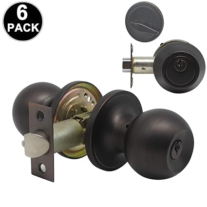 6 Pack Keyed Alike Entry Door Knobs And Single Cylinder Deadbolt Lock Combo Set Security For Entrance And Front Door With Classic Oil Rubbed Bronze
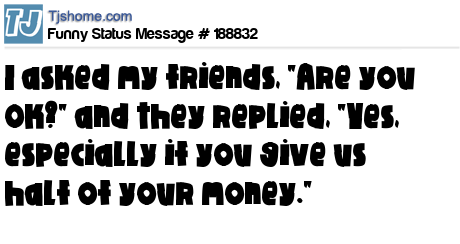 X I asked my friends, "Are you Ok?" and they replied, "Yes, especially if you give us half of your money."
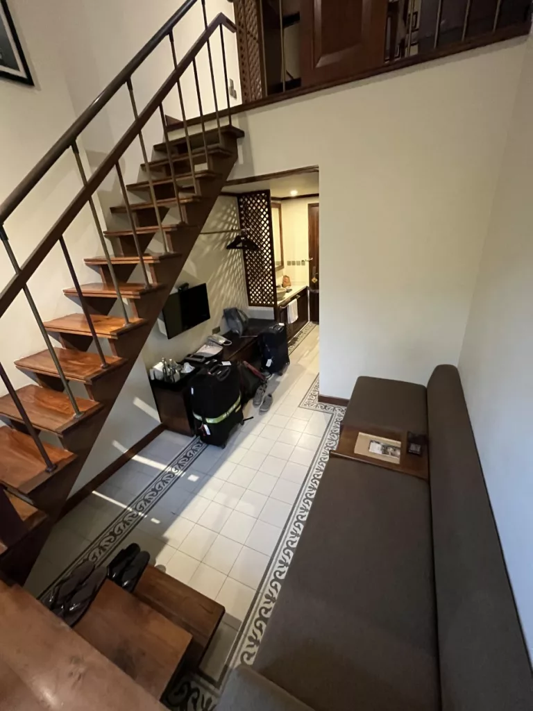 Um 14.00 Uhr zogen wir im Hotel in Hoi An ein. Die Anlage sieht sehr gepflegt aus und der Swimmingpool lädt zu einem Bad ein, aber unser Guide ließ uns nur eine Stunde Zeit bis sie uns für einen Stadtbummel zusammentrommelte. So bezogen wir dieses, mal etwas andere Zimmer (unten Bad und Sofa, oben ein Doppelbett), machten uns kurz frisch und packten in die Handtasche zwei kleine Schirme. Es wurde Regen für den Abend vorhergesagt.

* * *

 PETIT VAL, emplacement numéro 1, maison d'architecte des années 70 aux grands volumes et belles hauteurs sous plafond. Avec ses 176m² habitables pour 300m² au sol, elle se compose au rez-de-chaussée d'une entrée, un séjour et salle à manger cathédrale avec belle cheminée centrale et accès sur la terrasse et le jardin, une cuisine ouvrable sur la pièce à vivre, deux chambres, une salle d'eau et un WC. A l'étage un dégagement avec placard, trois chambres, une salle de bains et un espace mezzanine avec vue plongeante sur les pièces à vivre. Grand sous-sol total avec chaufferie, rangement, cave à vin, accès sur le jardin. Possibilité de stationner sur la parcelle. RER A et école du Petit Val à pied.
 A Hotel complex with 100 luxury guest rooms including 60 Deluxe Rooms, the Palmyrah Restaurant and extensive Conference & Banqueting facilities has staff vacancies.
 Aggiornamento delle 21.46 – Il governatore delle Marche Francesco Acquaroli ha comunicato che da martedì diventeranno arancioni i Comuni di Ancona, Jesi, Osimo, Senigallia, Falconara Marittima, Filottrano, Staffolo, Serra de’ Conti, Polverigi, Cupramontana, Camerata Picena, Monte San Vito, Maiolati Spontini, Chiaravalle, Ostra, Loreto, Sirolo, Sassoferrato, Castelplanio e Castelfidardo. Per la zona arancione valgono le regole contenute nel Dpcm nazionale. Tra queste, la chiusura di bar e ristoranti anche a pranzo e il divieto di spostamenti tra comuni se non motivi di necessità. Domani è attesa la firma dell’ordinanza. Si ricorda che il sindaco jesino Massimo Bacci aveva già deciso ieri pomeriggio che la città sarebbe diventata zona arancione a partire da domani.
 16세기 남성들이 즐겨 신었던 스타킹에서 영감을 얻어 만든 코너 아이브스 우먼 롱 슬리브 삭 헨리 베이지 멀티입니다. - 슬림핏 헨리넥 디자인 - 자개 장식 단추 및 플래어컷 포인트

--

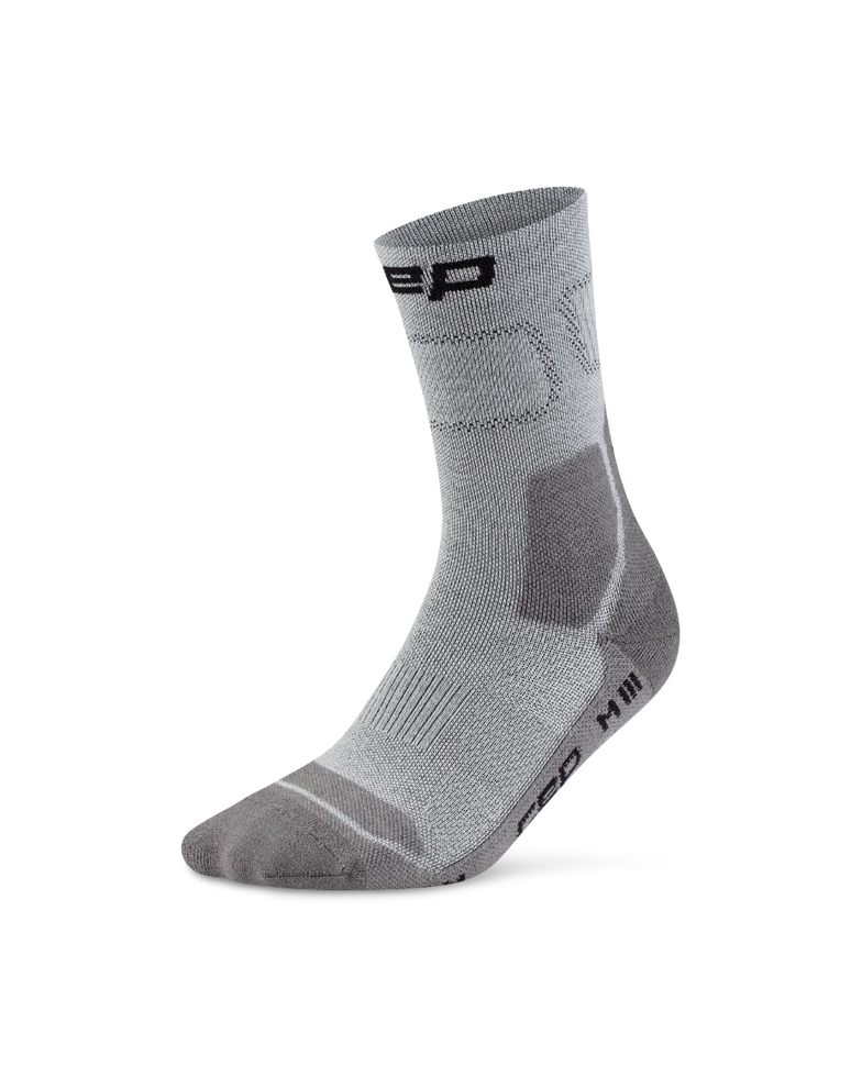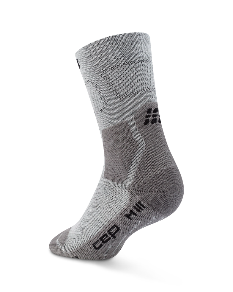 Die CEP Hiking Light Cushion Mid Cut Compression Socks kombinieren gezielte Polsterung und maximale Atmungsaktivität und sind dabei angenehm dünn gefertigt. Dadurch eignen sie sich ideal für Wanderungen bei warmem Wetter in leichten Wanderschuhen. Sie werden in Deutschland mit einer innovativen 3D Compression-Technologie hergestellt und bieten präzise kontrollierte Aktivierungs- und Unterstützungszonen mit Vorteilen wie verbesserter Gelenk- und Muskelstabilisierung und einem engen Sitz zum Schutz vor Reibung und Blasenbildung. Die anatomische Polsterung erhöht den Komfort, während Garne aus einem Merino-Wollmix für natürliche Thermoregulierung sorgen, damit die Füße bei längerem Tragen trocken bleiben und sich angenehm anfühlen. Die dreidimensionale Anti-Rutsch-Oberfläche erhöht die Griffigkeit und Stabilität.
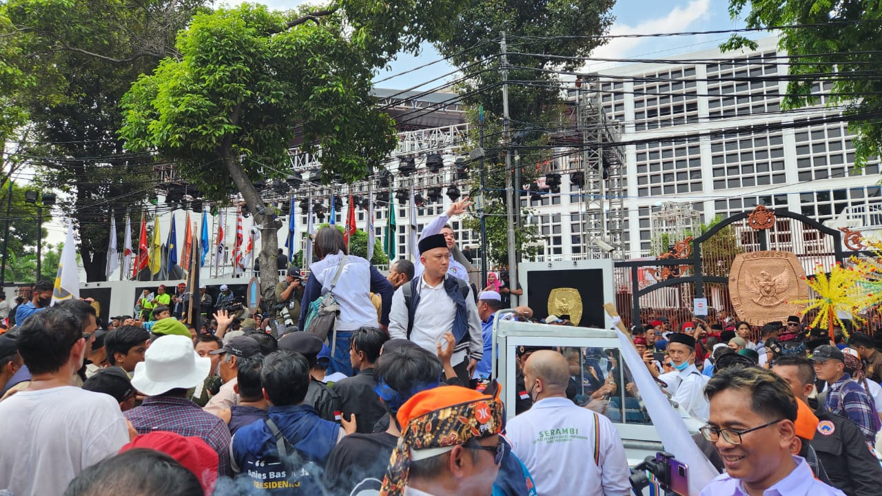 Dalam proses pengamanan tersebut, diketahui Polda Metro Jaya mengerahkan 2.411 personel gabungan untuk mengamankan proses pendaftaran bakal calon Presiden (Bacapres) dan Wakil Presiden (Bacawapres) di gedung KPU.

#### [ACTION ITEM]
No picture is to be printed. Output exactly the lines above from the line containing "6 Pack Keyed" through the line containing "Um 14.00 Uhr".

#### [EXPECTED ANSWER]
 6 Pack Keyed Alike Entry Door Knobs And Single Cylinder Deadbolt Lock Combo Set Security For Entrance And Front Door With Classic Oil Rubbed Bronze
 X I asked my friends, "Are you Ok?" and they replied, "Yes, especially if you give us half of your money."
 Um 14.00 Uhr zogen wir im Hotel in Hoi An ein. Die Anlage sieht sehr gepflegt aus und der Swimmingpool lädt zu einem Bad ein, aber unser Guide ließ uns nur eine Stunde Zeit bis sie uns für einen Stadtbummel zusammentrommelte. So bezogen wir dieses, mal etwas andere Zimmer (unten Bad und Sofa, oben ein Doppelbett), machten uns kurz frisch und packten in die Handtasche zwei kleine Schirme. Es wurde Regen für den Abend vorhergesagt.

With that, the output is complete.